16th United States Ambassador to Niger
- In office October 3, 2002 – September 30, 2005
- President: George W. Bush
- Preceded by: Barbro A. Owens-Kirkpatrick
- Succeeded by: Bernadette Allen

Personal details
- Born: 1951 (age 74–75)
- Alma mater: Antioch College Rutgers University-Newark

= Gail D. Mathieu =

American diplomat

Gail Dennise Thomas Mathieu (born 1951) is the former political advisor to the Commander, United States Transportation Command, Scott Air Force Base, Illinois.

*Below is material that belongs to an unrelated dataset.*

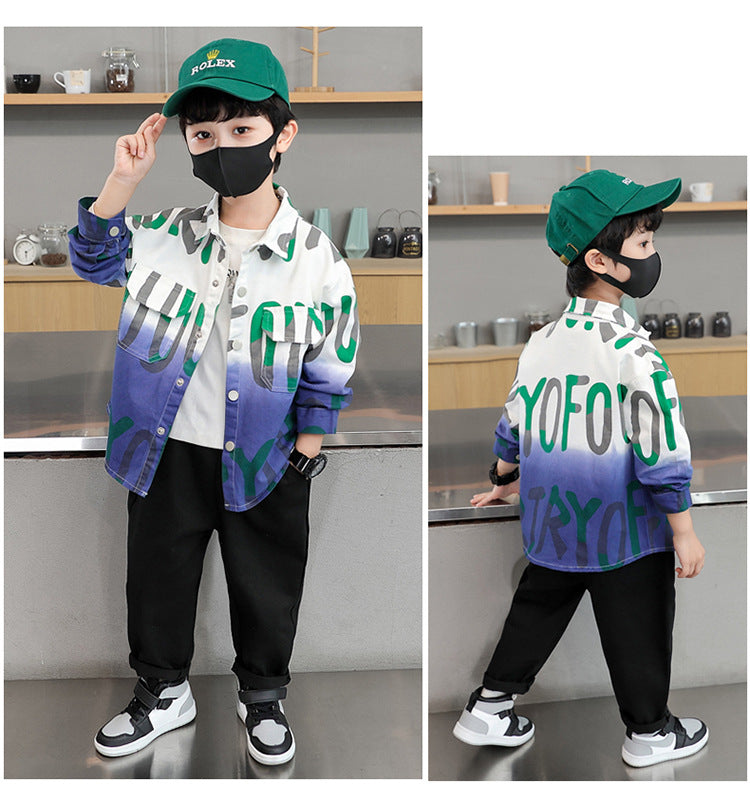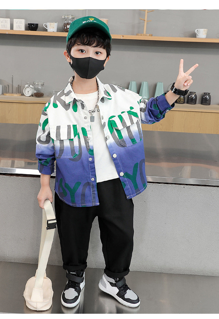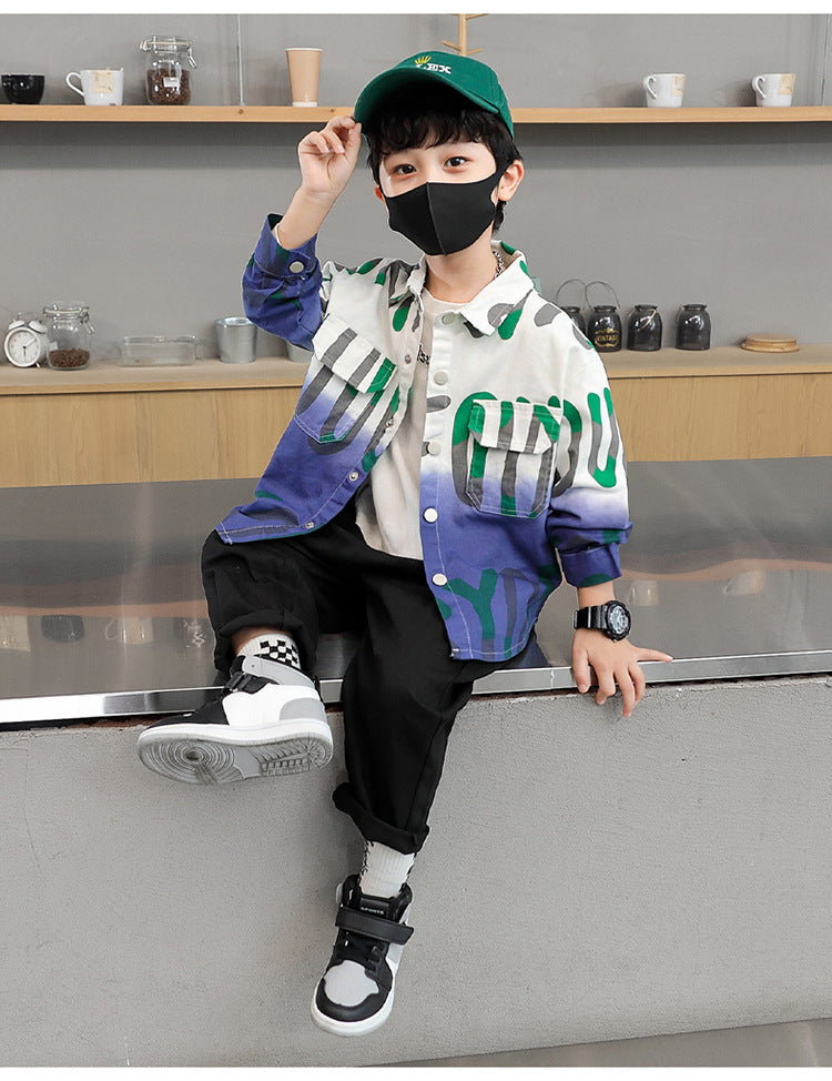 طقم ولادي قطعتين ( جكيت جينز + بنطلون كتان) قماش جودة ممتازة ناعم ومريح للحركة

She is the former United States Ambassador to Namibia and former United States Ambassador to Niger.

==Life and education==
Mathieu is a native of New Jersey, but earned a B.A. degree from Antioch College. She returned to New Jersey and earned her J.D. degree from Rutgers University-Newark.

==Career==
She was initially an assistant prosecutor for the city of Newark, New Jersey, but then began a career in the Foreign Service.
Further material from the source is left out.